- Exercise materials
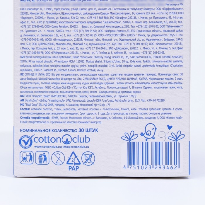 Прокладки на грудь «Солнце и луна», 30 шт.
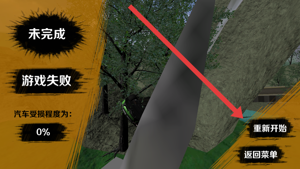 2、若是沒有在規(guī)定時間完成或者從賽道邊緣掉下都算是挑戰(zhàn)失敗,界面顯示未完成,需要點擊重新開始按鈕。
* * *
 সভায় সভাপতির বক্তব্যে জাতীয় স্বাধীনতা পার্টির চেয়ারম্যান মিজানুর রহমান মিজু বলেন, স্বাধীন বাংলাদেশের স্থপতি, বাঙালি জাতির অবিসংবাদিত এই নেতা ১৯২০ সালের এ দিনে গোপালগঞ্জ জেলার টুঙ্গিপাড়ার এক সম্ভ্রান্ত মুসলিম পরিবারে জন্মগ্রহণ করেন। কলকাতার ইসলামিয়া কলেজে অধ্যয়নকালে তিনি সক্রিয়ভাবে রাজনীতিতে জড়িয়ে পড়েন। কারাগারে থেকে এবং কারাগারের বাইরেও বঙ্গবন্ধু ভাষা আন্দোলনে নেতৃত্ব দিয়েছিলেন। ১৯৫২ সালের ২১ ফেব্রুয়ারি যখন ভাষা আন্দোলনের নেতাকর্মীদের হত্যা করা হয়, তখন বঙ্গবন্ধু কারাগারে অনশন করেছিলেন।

- Problem description
In the records above, everything from the line with "Прокладки на грудь" down to the line with "2、若是沒有在規(guī)定" must be duplicated exactly, both lines kept. Leave no pictures in.

- Task output
 Прокладки на грудь «Солнце и луна», 30 шт.
 2、若是沒有在規(guī)定時間完成或者從賽道邊緣掉下都算是挑戰(zhàn)失敗,界面顯示未完成,需要點擊重新開始按鈕。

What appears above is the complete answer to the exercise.